Se queres conhecer o vilão põe-lhe uma vara na mão, diz o povo, e diz bem. Alertava há dias o referido Júdice, na televisão, que um magistrado do ministério público pode impunemente destruir a vida de qualquer cidadão, acusando-o de qualquer coisa. Pode: uma acusação inconsistente não é anulada se o tribunal absolver porque o percurso até chegar à sentença, admitindo que o visado tenha meios para se defender, se arrasta por tempo suficiente para aniquilar as perspectivas de carreira de quem quer que precise de boa imagem na opinião pública, e até mesmo não precisando, para não falar dos efeitos deletérios para a saúde do consumo de benzodiazepinas. Há alguma garantia de que os magistrados do ministério público, depositários de imenso poder não sindicado, nascem com um par de asas nas costas, e não são escravos das mesmas pulsões, ódios, malquerenças, invejas, preconceitos, ambições, vaidades que afectam os seus concidadãos? Há apenas uma, a consciência jurídica, que por formação têm – se acreditasse que isso chega quem tinha asas nas costas era eu.
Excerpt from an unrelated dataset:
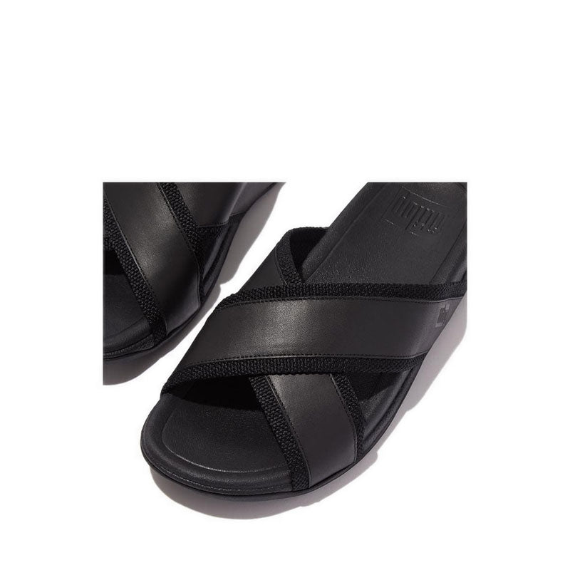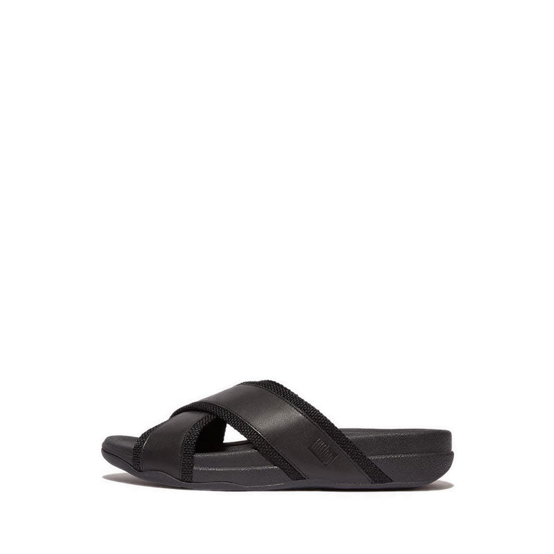 Mens Webbing/Leather Cross Slides

Ninguém, salvo algum fanático socialista, tem hoje dúvidas sérias sobre a culpabilidade de Sócrates – demasiadas incongruências se conhecem na sua estratégia de defesa, demasiado transparente é a contradição entre o seu estilo de vida e os seus rendimentos. Mas o ordenamento jurídico-penal, e bem, impõe que a prova produzida em tribunal seja muito mais exigente do que a que requer a opinião pública. Como se explica que, depois de quase um ano preso para não perturbar a investigação (passou da cadeia de Évora para prisão domiciliária em Setembro de 2015), e de seis sobre o início do processo, não haja ainda julgamento? De uma só maneira: pela incompetência da dupla Carlos Alexandre/ Rosário Teixeira, uma espécie de heróis para as redes sociais: o pé-ré-pé-pé da falta de meios, da complexidade da investigação, e dos excessos garantísticos do nosso processo penal, são desculpas de mau pagador porque os meios são sempre insuficientes, o garantismo, se diminuído, combate efectivamente o crime mas presumivelmente aumenta também os erros judiciários, e a complexidade justificava a concentração nos crimes mais fáceis de provar, não num monstro varre-tudo de mais de quatro mil páginas. E as condições em que se desenrolaria a investigação já eram, ou deveriam ser, sabidas aquando da detenção.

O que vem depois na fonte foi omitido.